Dáil debates
Tuesday, 2 December 2025
Irish Coast Guard Search and Rescue Services: Motion [Private Members]
6:20 pm
Michael Collins (Cork South-West, Independent Ireland Party)
I welcome Sinn Féin’s focus on the men and women who fly our Coast Guard helicopters. Crews are on call for 24 hours straight, and deserve every ounce of political backing we can give. I certainly know that myself because the Irish Coast Guard in Schull and Goleen where I live myself are people who are second to none. They gave their time freely and need the protections we will support here.
For Independent Ireland, front-line workers come first, whether they wear the uniform of An Garda Síochána, a Coast Guard jacket or a flight suit. If a front-line worker is on a 24-hour shift, every hour must be recognised and respected. It offends common sense to pretend that a crew that must launch in minutes is somehow at rest for a part of their shift. That is not rest, that is responsibility. It must count as working time for safety and fairness.
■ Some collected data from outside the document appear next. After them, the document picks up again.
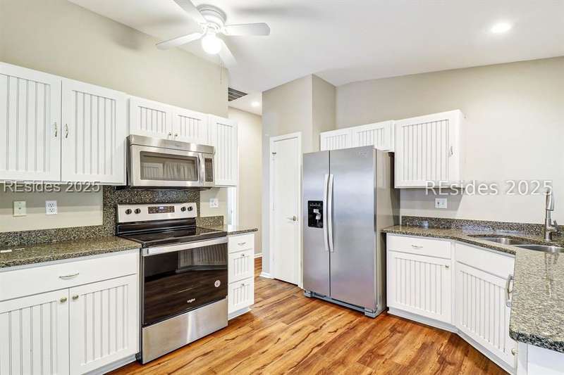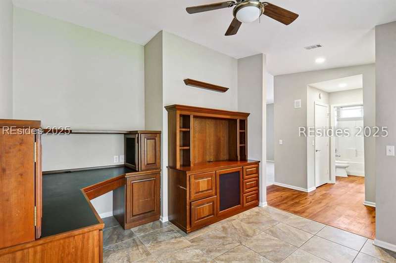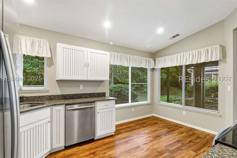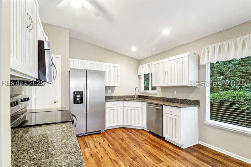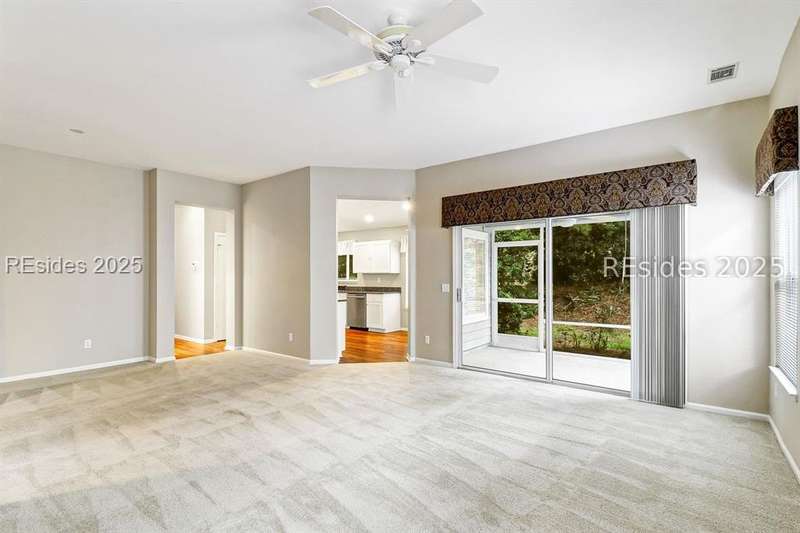 Fabulous location convenient to Town Square, restaurants, and shopping! 2 bedrooms, 2 bathrooms, plus an office or den. Perfect for an office with built-ins. The kitchen is beautiful and has been updated. Appliances are newer, not original. Bosch dishwasher. Roof new in 2015. HVAC new in 2021. Large master bedroom with a nice bay window. Screen porch. New bathroom vanities in both bathrooms. 2 car garage. Take your golf cart to all the Sun City amenities, including golf, clubhouses, pools, walking trails, and entertainment in Town Square. Short drive to Savannah, Beaufort and the beaches of Hilton Head Island!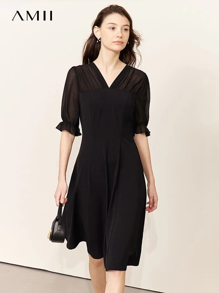送料無料 アパレル AMII ミニマリズムレディースドレス V ネックパフスリーブブラックソリッド Vestido シフォン 2023 春レディースドレス 12322050 スプリング 春物 Vネック ソリッドカラー AE121222363634305276 | mihatudai(みはつばい)ネットショッピングならmihatudai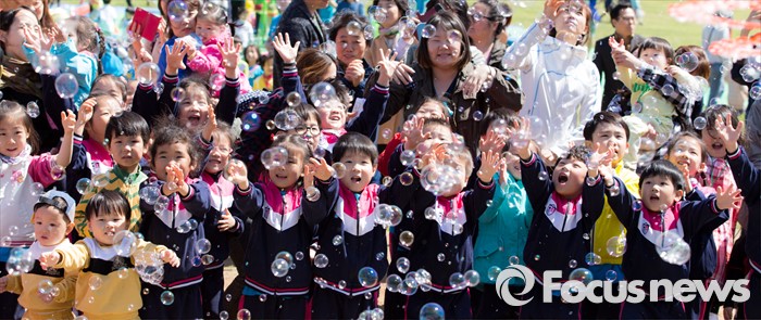 (서울=포커스뉴스) 어린이날을 하루 앞둔 4일 오전 서울 마포구 월드컵공원 난지잔디광장에서 2016 마포어린이축제에 참가한 어린이들이 버블쇼를 보며 즐거운 시간을 보내고 있다.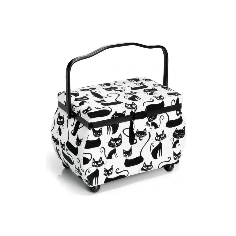Small rectangular sewing basket for storing and transporting sewing accessories. A removable transparent plastic insert with 4 compartments, a carry handle, practical magnetic lock, pincushion and a fabric pocket inside the lid. Dimensions 30x20,5x19 cm.

This dispute is not with the crews; it is with the system that makes figures look better on paper than they are in the cockpit. Our coastal and island communities rely on a 24-hour, seven-day-a-week SAR service. When a call comes in from Cork or Limerick, nobody asks what the spreadsheet says. It asks how fast Rescue 115 can be overhead. Our manifesto is clear; fund SAR properly. Respect crews' working time and demand accountability. We support an urgent review of how hours are recorded and we want to know why the IAA signed off on this system. Accountability matters.
Finally, our ask of the Government is simple. It must end the factoring of 24-hour shifts, record every hour crews are on call and put in place a transparent system with crews at the table, in order that fatigue is never traded off against cost or convenience. When a call comes in from Bantry Bay or off the Cork coast, nobody asks what the spreadsheet is. Many of the calls I get are in relation to protecting people in the fishing industry. They come from pleasure boats as well but they come from the fishing industry in particular as people are out there in shocking weather and depend on the Coast Guard for their safety. SAR is not just a helicopter in west Cork. The Bantry Inshore Search and Rescue Association has also been saving lives since 1987. It is a clear resource of the Irish Coast Guard yet it receives no regular State funding. Its annual operating costs are about €26,000, raised through donations collected in buckets in local shops and pubs and through charity swims and crowdfunding. Every euro it spends comes from the community it serves. The association now faces a major challenge. It needs €1 million for Ireland’s first floating boathouse and a new high-tech rescue boat. Why? Faster response times and better equipment save lives. This is not a luxury; it is a necessity for safety in Bantry Bay and beyond.
Independent Ireland believes in value for money but value for money does not mean cutting corners or fatigue. We insist on proper funding for training and equipment in SAR, whether that is helicopters, volunteers or lifeboats. We demand accountability from the Irish Aviation Authority and the Department of Transport for systems that trade safety for convenience. Our ask of the Government is that in the factoring of 24-hour shifts for helicopter crews, a transparent system should be put in place with crews at the table to guarantee fatigue is never ignored and it should commit to supporting resources in order that volunteers are not left fundraising for basic safety infrastructure. Our coastal communities and crews deserve better. Our rescue services deserve the funding and oversight that keep people alive.
As I have the floor, I raised more than a year ago - and have not heard anything since- the disaster that happened off Bantry Bay in 1979. Many emergency services were called out during the Whiddy Island disaster. I have been calling and Michael Kingston has been calling for a full inquiry into that for 12 months. A full statutory inquiry has to take place in relation to the Whiddy Island disaster off Bantry Bay that killed 50 people.